Till earlier this week, the assist web site for networking tools vendor Juniper Networks was exposing probably delicate info tied to buyer merchandise, together with which gadgets clients purchased, in addition to every product’s guarantee standing, service contracts and serial numbers. Juniper mentioned it has since fastened the issue, and that the inadvertent knowledge publicity stemmed from a current improve to its assist portal.
Sunnyvale, Calif. based mostly Juniper Networks makes high-powered Web routers and switches, and its merchandise are utilized in among the world’s largest organizations. Earlier this week KrebsOnSecurity heard from a reader liable for managing a number of Juniper gadgets, who discovered he might use Juniper’s buyer assist portal to seek out gadget and assist contract info for different Juniper clients.
Logan George is a 17-year-old intern working for a corporation that makes use of Juniper merchandise. Talking provided that his employer not be named, George mentioned he discovered the information publicity earlier this week accidentally whereas trying to find assist info on a specific Juniper product.
George found that after logging in with an everyday buyer account, Juniper’s assist web site allowed him to record detailed details about nearly any Juniper gadget bought by different clients. Looking on Amazon.com within the Juniper portal, for instance, returned tens of 1000’s of information. Every report included the gadget’s mannequin and serial quantity, the approximate location the place it’s put in, in addition to the gadget’s standing and related assist contract info.
Info uncovered by the Juniper assist portal. Columns not pictured embody Serial Quantity, Software program Assist Reference quantity, Product, Guarantee Expiration Date and Contract ID.
George mentioned the uncovered assist contract info is probably delicate as a result of it exhibits which Juniper merchandise are most definitely to be missing essential safety updates.
“In the event you don’t have a assist contract you don’t get updates, it’s so simple as that,” George mentioned. “Utilizing serial numbers, I might see which merchandise aren’t beneath assist contracts. After which I might slim down the place every gadget was despatched by means of their serial quantity monitoring system, and probably see all of what was despatched to the identical location. Plenty of corporations don’t replace their switches fairly often, and understanding what they use permits somebody to know what assault vectors are doable.”
In a written assertion, Juniper mentioned the information publicity was the results of a current improve to its assist portal.
“We have been made conscious of an inadvertent concern that allowed registered customers to our system to entry serial numbers that weren’t related to their account,” the assertion reads. “We acted promptly to resolve this concern and don’t have any purpose to consider presently that any identifiable or private buyer knowledge was uncovered in any method. We take these issues severely and at all times use these experiences to forestall additional related incidents.
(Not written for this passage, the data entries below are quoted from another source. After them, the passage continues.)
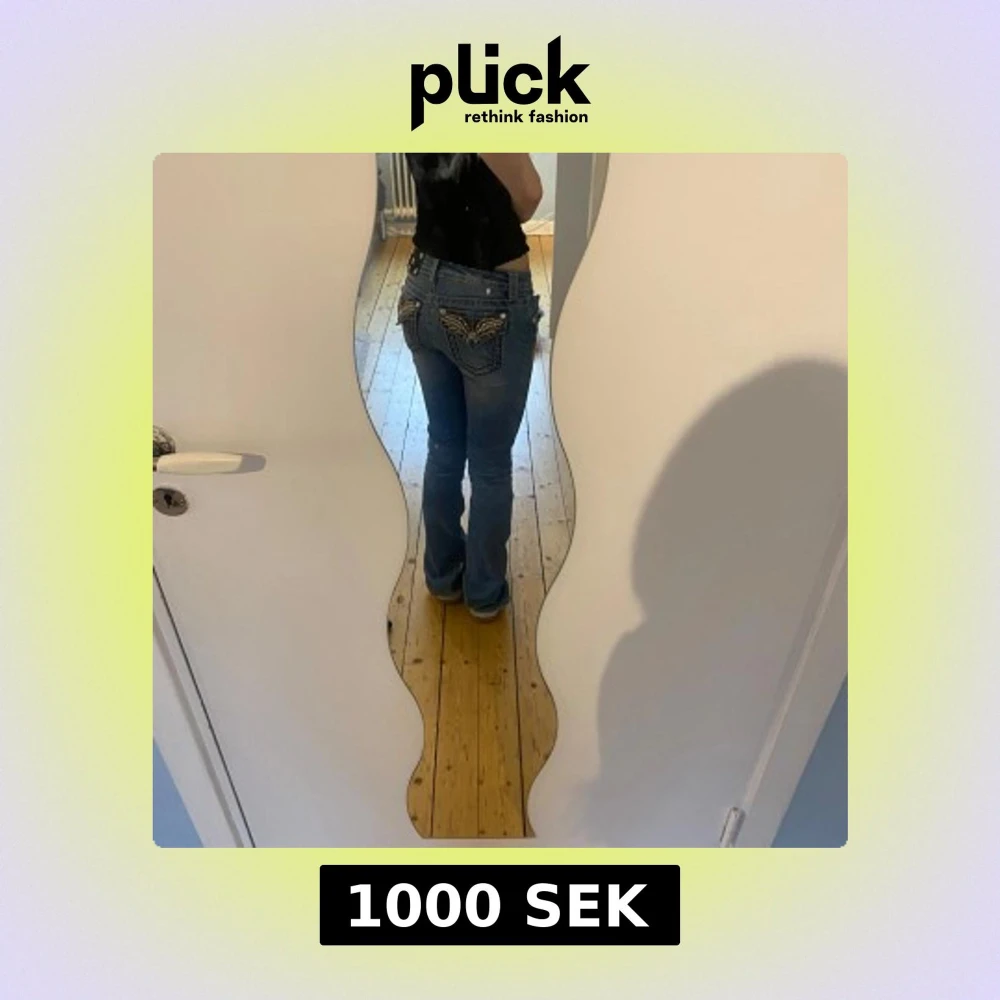 Snygga blå bootcut miss me jeans med svin snygga bakfickor. Jeansen har låg midja och en klassisk femficksdesign. Dem är storlek w26 och jag är en och 166 och är långa för mig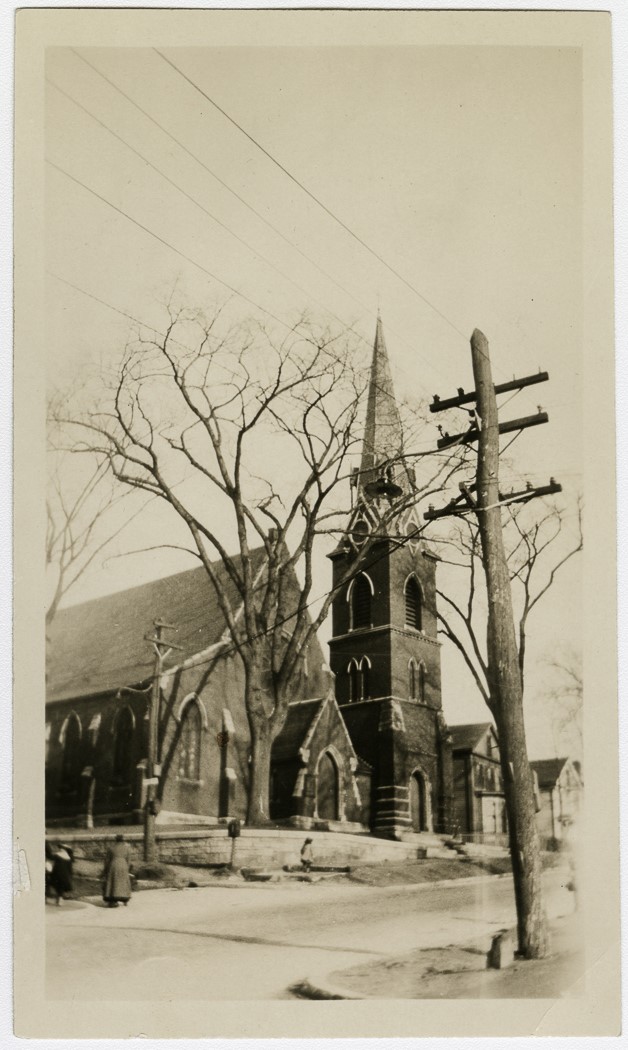 Third Congregational Church from across Springfield Street showing the steeple and telephone poles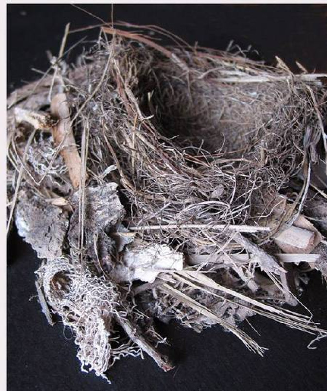 Built by an unknown bird, the construction involves a shallow, woven bowl around 12 cm in diameter, made of dried grasses, weeds, fibers and human hair. This bowl is sitting on a messy pile of tree bark, leaves, broken branches and dried grasses. Found in a niche in a courtyard wall, Kypriotianika. If you can identify the maker of this nest, please add your comments below.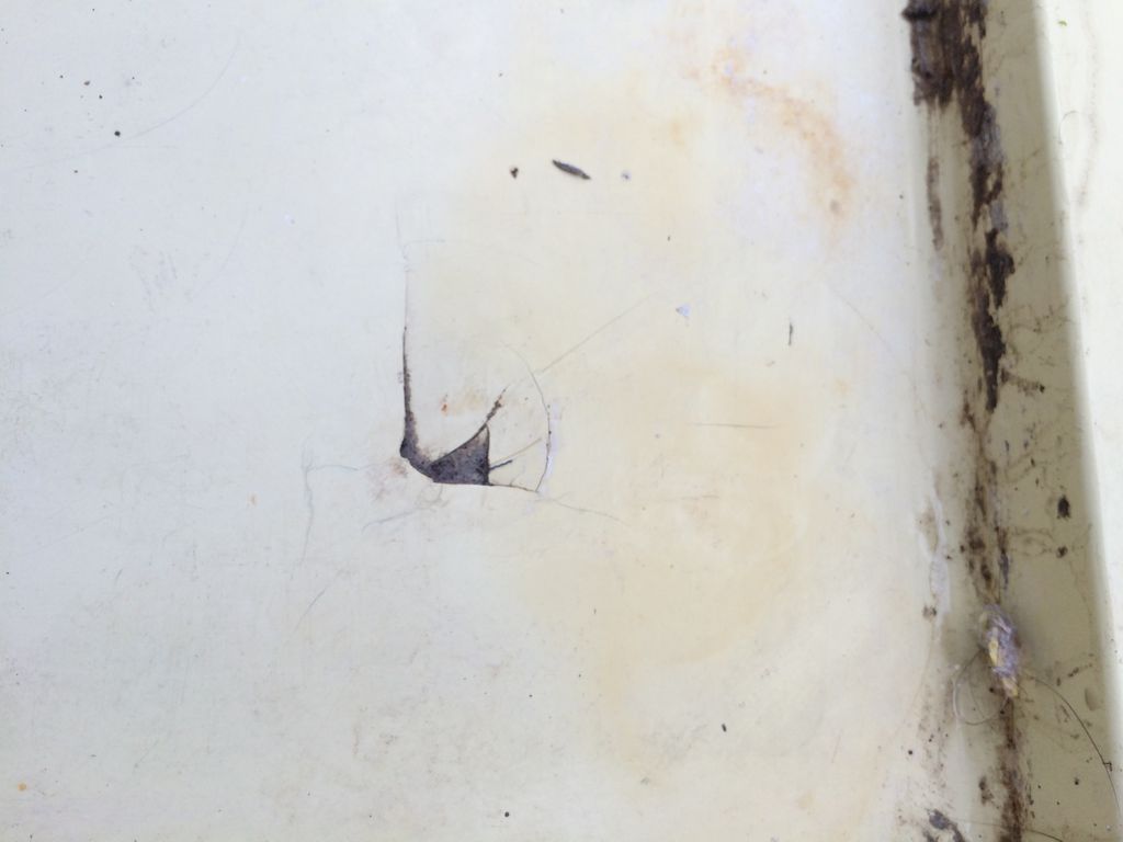 外した防水パンを外に持っていって洗ったところ、大きな縦キズと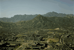 The KPA defense line at the western edge of Seoul was anchored at the north on Hill 296 just south of the Kaesong highway and west of Seoul's Seodaemun Prison. From the crest of Hill 296 the KPA line curved in a gentle half-moon eastward and southward down spur ridges 2.5 miles (4.0 km) to the Han River, the concave side facing west toward the UN troops. The greater part of this uneven ridge line was dominated by three hills, each 105 meters high, and accordingly known as Hills 105. Hills 105 North (37°34′23″N 126°57′00″E / 37.573°N 126.950°E) and 105 Center (37°34′16″N 126°57′04″E / 37.571°N 126.951°E) lay north of the rail and highway lines running into Seoul along the northern bank of the Han River; Hill 105 South (37°34′08″N 126°57′16″E / 37.569°N 126.9545°E) lay between the rail and road lines and the river. Hills 105 Center and 105 South completely dominated the Pusan-to-Manchuria Kyonggi main rail line and the road that passed through the saddle between them to enter the city. These hills had been a training area for Japanese troops during the Japanese colonial period and since then of both South and North Korean soldiers. The area was well covered with various types of field fortifications and susceptible to quick organization for defense. The main railroad station and Capitol building lay in the center of Seoul 2 miles (3.2 km) east of these positions.[3]: 524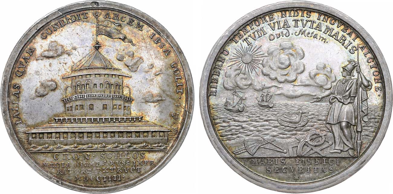 Серебро. 52,16г. Диаметр 46 мм. Санкт-Петербургский монетный двор. Из серии медалей на события северной войны. Медальер Т. Иванов (без подписи). копия штемпеля Ф.Г. Мюллера. Смирнов 170/а. Дьяков 19.2(R1). MS 64.

We’re actively working to find out the basis reason for this defect and thank the researcher for bringing this to our consideration.”
The corporate has not but responded to requests for details about precisely when these overly permissive consumer rights have been launched. Nevertheless, the modifications could date again to September 2023, when Juniper introduced it had rebuilt its buyer assist portal.
George advised KrebsOnSecurity the back-end for Juniper’s assist web site seems to be supported by Salesforce, and that Juniper possible didn’t have the right consumer permissions established on its Salesforce belongings. In April 2023, KrebsOnSecurity printed analysis exhibiting {that a} surprising variety of organizations — together with banks, healthcare suppliers and state and native governments — have been leaking non-public and delicate knowledge because of misconfigured Salesforce installations.
Nicholas Weaver, a researcher at College of California, Berkeley’s Worldwide Pc Science Institute (ICSI) and lecturer at UC Davis, mentioned the complexity layered into trendy tech assist portals leaves a lot room for error.
“It is a reminder of how laborious it’s to construct these giant methods like assist portals, the place you want to have the ability to handle gazillions of customers with distinct entry roles,” Weaver mentioned. “One minor screw up there can produce hilarious outcomes.”
Final month, laptop maker Hewlett Packard Enterprise introduced it will purchase Juniper Networks for $14 billion, reportedly to assist beef up the 100-year-old know-how firm’s synthetic intelligence choices.
Replace, 11:01 a.m. ET: An earlier model of this story quoted George as saying he was capable of see assist info for the U.S. Division of Protection. George has since clarified that whereas one block of gadget information he discovered was labeled “Division of Protection,” that report seems to belong to a special nation.